Researchers have developed an innovative approach to integrating genomic data with research on animal models, and used it to identify a potential new target for treating psoriasis. Psoriasis is an inflammatory skin condition which affects more than a million people in the U.S.

Ten percent of patients with psoriasis use biologics – mainly TNF-blockers such as Enbrel (etanercept, Amgen Inc.), Humira (adalimumab, Abbvie Inc.), Remicade (infliximab, Johnson & Johnson) and Simponi (golimumab, Janssen Biotech Inc.). Experimental drugs also target cytokines such as IL-17 and IL-23.

The target, the kinase PIM1, is induced by the inflammatory cytokine interleukin-22 (IL-22). While previous research had implicated IL-22 in inflammatory skin diseases, PIM-1 “had never been associated before with psoriasis,” Frank Nestle told BioWorld Today.

Nestle is at King’s College London and the senior author of the paper describing the findings, which appeared in the Feb. 12, 2014, issue of Science Translational Medicine.

Nestle and his team were able to identify PIM-1 as a target by integrating many different types of data. Genomics, with the vast amounts of data it generates as both sequencing and computing become ever cheaper, has given researchers a new type of challenge.

“We have all this genomic data,” Nestle said. “We have to tackle this complexity and integrate it into testable hypotheses. What we tried to do in this paper is to move back and forth” between genomic data and those animal models.

In the work now published in Science Translational Medicine, gene expression data in patients provided “a psoriasis galaxy” in the form of a comprehensive view of the differences in gene expression between normal and psoriatic skin.

A xenotransplantation model of psoriasis that grafts human skin onto immunosuppressed mice that Nestle and his colleagues had developed earlier, in turn, allowed them to zero in on the molecular details of that galaxy.

In their studies, Nestle and his colleagues investigated the role of the IL-22 because previous work had hinted it might play a role in inflammatory skin conditions and its expression was increased in psoriatic skin samples. They looked at the effects of injecting IL-22 on normal skin in their mouse model, and found that those skin patches became psoriasis-like, with the epidermal layer of the skin thickening in much the same way it does in psoriasis.

Conversely, treating psoriasis animals with an anti-IL-22 antibody reduced inflammation.
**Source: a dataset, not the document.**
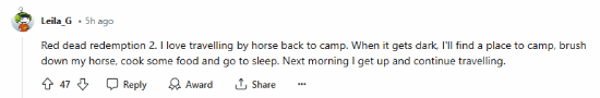 近日,有玩家在Reddit论坛发起讨论:哪些游戏能够让你不想使用快速旅行功能?在评论区里,玩家们纷纷进行了回应。有玩家以《荒野大镖客:救赎2》为例,表示自己喜欢骑马回到营地,当天黑的时候,就会找个地方扎营,给马梳理一下,做一些吃的,然后睡觉。在游戏的第二天早上,继续探索西部世界。

The effects of blocking IL-22 were comparable to those of blocking TNF, the gold standard in psoriasis and target of choice in current psoriasis biologics.
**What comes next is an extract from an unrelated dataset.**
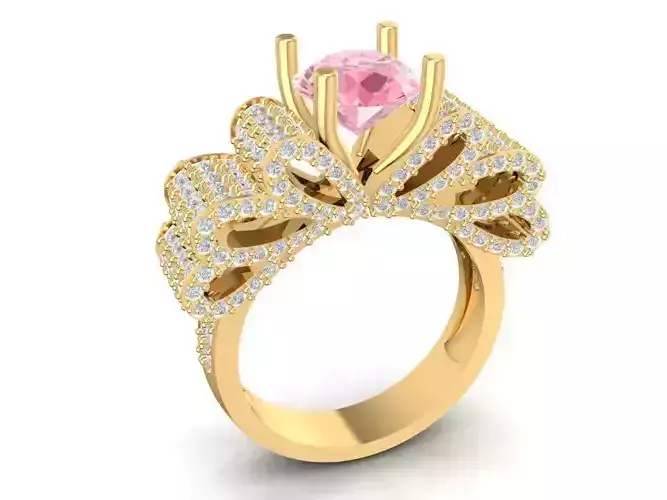 This 3D model features an elegant women’s ring designed with a crown inspired structure and a round pink gemstone as the centerpiece. The surrounding details are set with multiple small diamonds, creating a radiant and luxurious look. This unique design symbolizes beauty, elegance, and sophistication, making it perfect for fine jewelry collections, anniversaries, or fashion statements.

The team then compared the gene expression changes that occurred in IL-22 treated normal skin with gene expression data from psoriatic skin, psoriatic skin that was treated with an IL-22 antibody, and skin cells treated with IL-22 in cell culture, and identify “hub genes” that were critical for IL-22’s effects in psoriasis.

That analysis pointed to the kinase PIM-1 as such a hub gene, and so the team went on to test the role of this kinase directly. They found that knockout mice lacking the kinase were partially protected from developing psoriasis in response to the immune activator imiquimod, which could induce psoriasis when applied to the skin of normal animals. They also treated psoriatic animals with a small-molecule PIM-1 inhibitor, and found that it could block the effects of imiquimod.
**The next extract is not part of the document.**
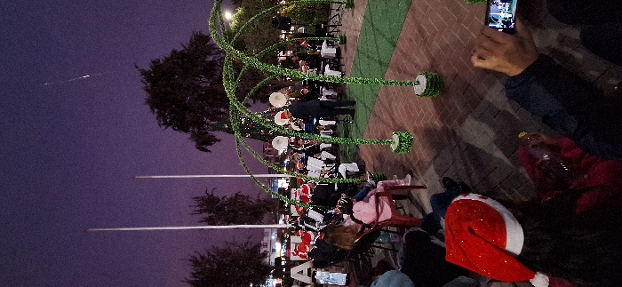 A band performs outdoors, framed by decorative arches covered in greenery. People sit and stand watching the performance; some are wearing Santa hats. One person is using a smartphone to record. The band is set up on a raised area with green turf, bordered by a brick path. In the background, the sky is dusky, and a few lights streak across it. Trees are silhouetted against the twilight.

PIM-1 kinase, which phosphorylates the amino acids serine and threonine, is best known to the biopharma community as an oncogenic kinase, and blockers are in early stage development. Astra-Zeneca plc’s AZD-1208 and CXR Biosciences Ltd.’s CXR-1002 are in phase I, and a number of companies have preclinical programs.

IL-22 antagonists have been tested in dermatological disease, but several such programs have been discontinued.

In their paper, Nestle and his team expressed their hope that “our data might contribute to a clinical reevaluation of efforts blocking the IL-22 pathway in inflammatory skin disease.”